Excerpts from a dataset
● ● ● ● ●

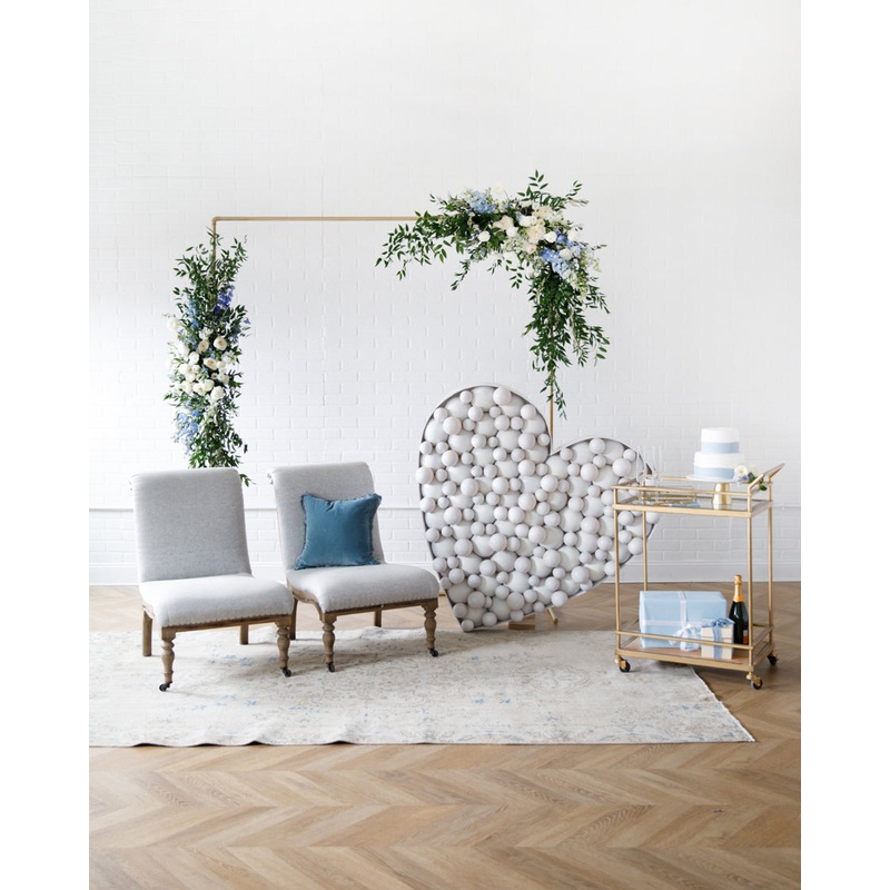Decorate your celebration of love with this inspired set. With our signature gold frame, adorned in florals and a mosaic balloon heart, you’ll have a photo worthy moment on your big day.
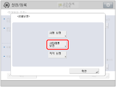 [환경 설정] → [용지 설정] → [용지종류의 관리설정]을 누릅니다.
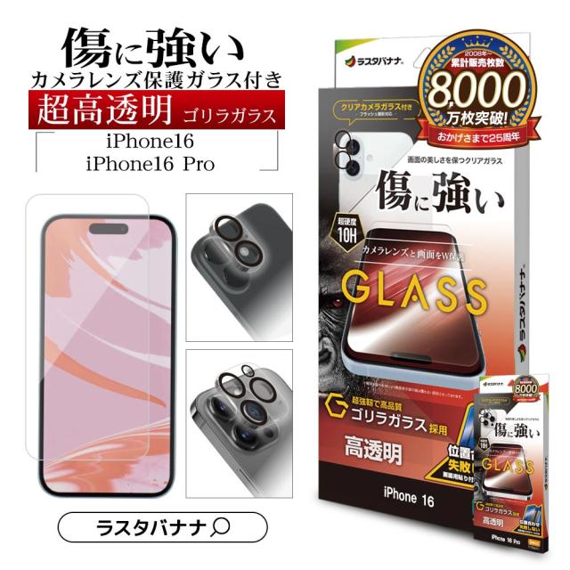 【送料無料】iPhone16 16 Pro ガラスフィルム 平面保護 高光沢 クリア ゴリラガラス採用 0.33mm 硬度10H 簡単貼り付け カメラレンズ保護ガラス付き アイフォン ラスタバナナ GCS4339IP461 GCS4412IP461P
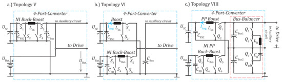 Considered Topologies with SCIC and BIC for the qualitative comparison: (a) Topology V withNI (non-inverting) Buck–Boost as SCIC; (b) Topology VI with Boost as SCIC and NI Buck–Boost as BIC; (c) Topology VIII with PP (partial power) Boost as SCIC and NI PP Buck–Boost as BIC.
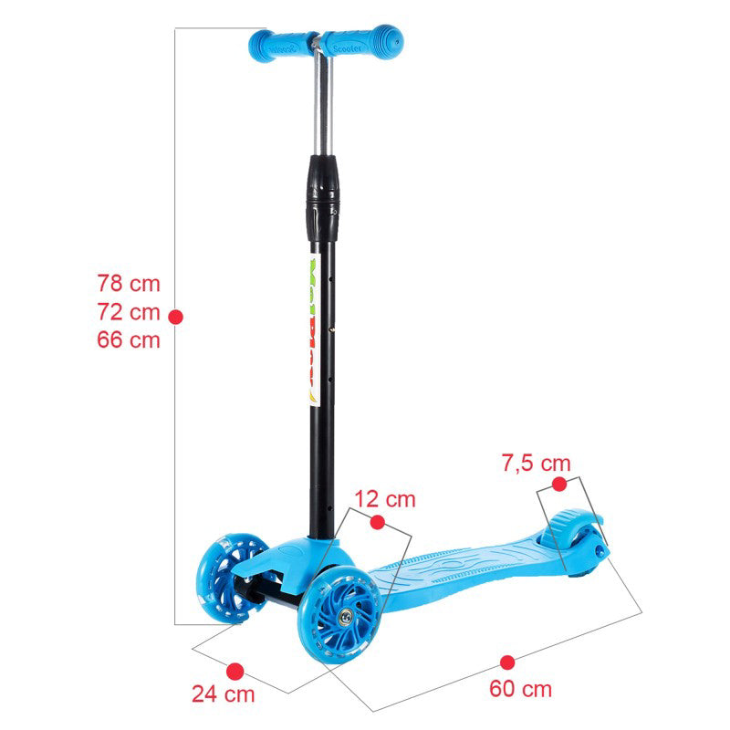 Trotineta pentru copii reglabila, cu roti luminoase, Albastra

● ● ● ● ●

Directions for this task:
For this exercise, return the records above in full and exactly, omitting the images.

Response:
Decorate your celebration of love with this inspired set. With our signature gold frame, adorned in florals and a mosaic balloon heart, you’ll have a photo worthy moment on your big day.
 [환경 설정] → [용지 설정] → [용지종류의 관리설정]을 누릅니다.
 【送料無料】iPhone16 16 Pro ガラスフィルム 平面保護 高光沢 クリア ゴリラガラス採用 0.33mm 硬度10H 簡単貼り付け カメラレンズ保護ガラス付き アイフォン ラスタバナナ GCS4339IP461 GCS4412IP461P
 Considered Topologies with SCIC and BIC for the qualitative comparison: (a) Topology V withNI (non-inverting) Buck–Boost as SCIC; (b) Topology VI with Boost as SCIC and NI Buck–Boost as BIC; (c) Topology VIII with PP (partial power) Boost as SCIC and NI PP Buck–Boost as BIC.
 Trotineta pentru copii reglabila, cu roti luminoase, Albastra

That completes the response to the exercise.